**Your objective:**
Take the material below and output exactly the run of lines from the one containing "Founded in 1852, the" down to the one containing "Southeast Alaska welcomed", with both included.

**Data supplied:**

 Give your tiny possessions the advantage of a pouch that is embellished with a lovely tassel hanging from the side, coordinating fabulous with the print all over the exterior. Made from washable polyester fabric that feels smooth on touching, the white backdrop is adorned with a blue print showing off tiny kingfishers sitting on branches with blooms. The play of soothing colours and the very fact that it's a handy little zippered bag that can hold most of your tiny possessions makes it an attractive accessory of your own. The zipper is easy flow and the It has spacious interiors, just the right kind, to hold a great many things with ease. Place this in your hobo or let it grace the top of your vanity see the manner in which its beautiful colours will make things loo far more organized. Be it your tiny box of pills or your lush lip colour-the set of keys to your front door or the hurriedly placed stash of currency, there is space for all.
* * *
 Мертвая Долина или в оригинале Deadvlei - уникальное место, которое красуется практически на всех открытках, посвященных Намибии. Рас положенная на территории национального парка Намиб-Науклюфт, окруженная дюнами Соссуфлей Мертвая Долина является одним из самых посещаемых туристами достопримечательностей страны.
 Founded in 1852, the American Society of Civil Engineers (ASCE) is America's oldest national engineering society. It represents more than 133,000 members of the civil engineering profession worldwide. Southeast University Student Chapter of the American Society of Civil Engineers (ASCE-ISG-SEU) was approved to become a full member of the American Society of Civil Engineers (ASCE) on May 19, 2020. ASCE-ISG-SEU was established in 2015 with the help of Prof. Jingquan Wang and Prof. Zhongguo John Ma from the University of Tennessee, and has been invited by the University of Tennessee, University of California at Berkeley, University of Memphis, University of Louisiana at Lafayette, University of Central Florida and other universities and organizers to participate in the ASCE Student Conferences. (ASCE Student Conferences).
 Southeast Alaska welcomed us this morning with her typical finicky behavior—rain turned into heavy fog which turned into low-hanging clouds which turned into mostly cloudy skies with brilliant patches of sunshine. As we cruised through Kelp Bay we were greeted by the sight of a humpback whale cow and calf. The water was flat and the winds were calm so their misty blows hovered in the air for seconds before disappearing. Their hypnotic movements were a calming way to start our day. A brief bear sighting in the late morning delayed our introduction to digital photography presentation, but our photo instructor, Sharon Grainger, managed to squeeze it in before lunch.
...
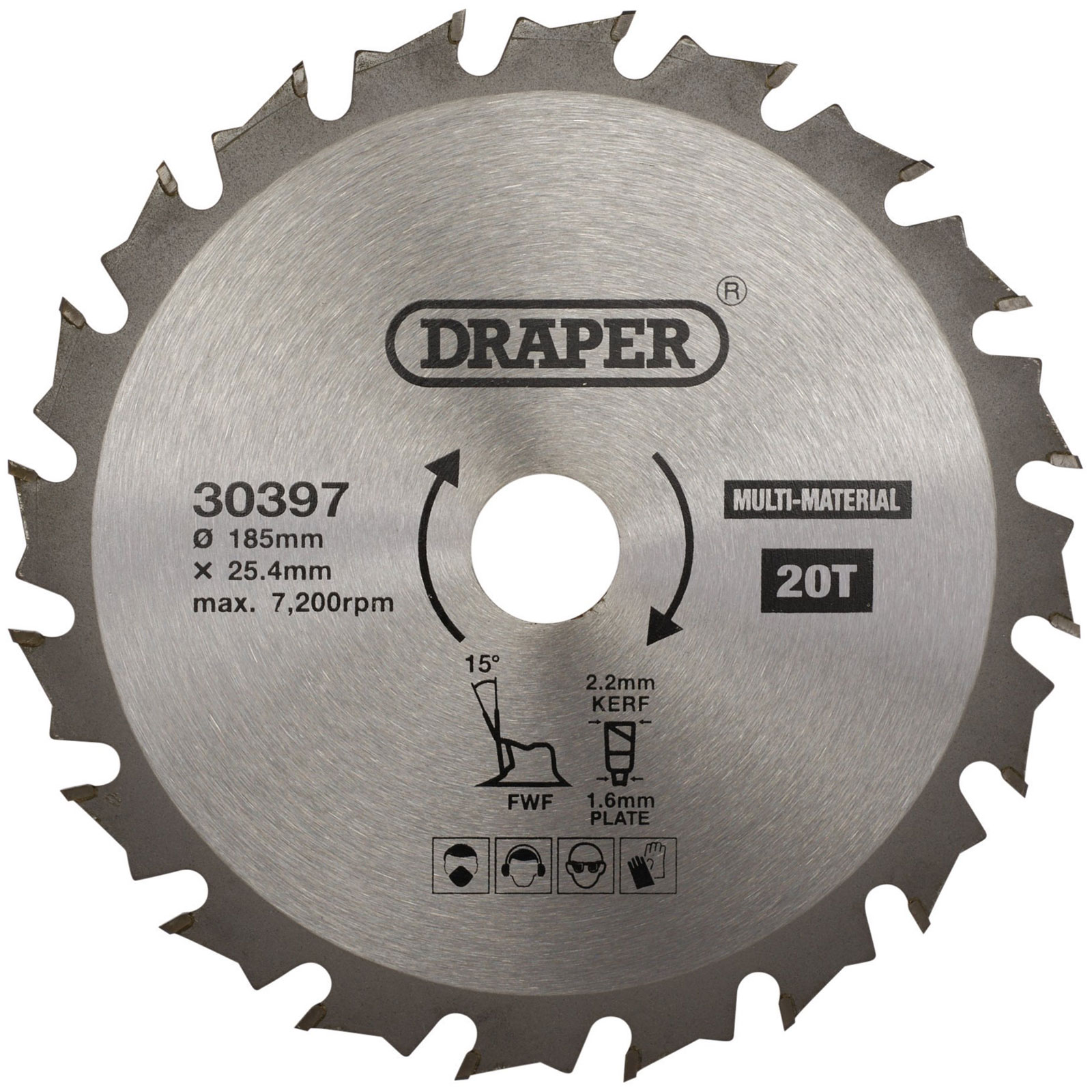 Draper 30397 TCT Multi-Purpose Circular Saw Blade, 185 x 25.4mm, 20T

**Solution to this task:**
 Founded in 1852, the American Society of Civil Engineers (ASCE) is America's oldest national engineering society. It represents more than 133,000 members of the civil engineering profession worldwide. Southeast University Student Chapter of the American Society of Civil Engineers (ASCE-ISG-SEU) was approved to become a full member of the American Society of Civil Engineers (ASCE) on May 19, 2020. ASCE-ISG-SEU was established in 2015 with the help of Prof. Jingquan Wang and Prof. Zhongguo John Ma from the University of Tennessee, and has been invited by the University of Tennessee, University of California at Berkeley, University of Memphis, University of Louisiana at Lafayette, University of Central Florida and other universities and organizers to participate in the ASCE Student Conferences. (ASCE Student Conferences).
 Southeast Alaska welcomed us this morning with her typical finicky behavior—rain turned into heavy fog which turned into low-hanging clouds which turned into mostly cloudy skies with brilliant patches of sunshine. As we cruised through Kelp Bay we were greeted by the sight of a humpback whale cow and calf. The water was flat and the winds were calm so their misty blows hovered in the air for seconds before disappearing. Their hypnotic movements were a calming way to start our day. A brief bear sighting in the late morning delayed our introduction to digital photography presentation, but our photo instructor, Sharon Grainger, managed to squeeze it in before lunch.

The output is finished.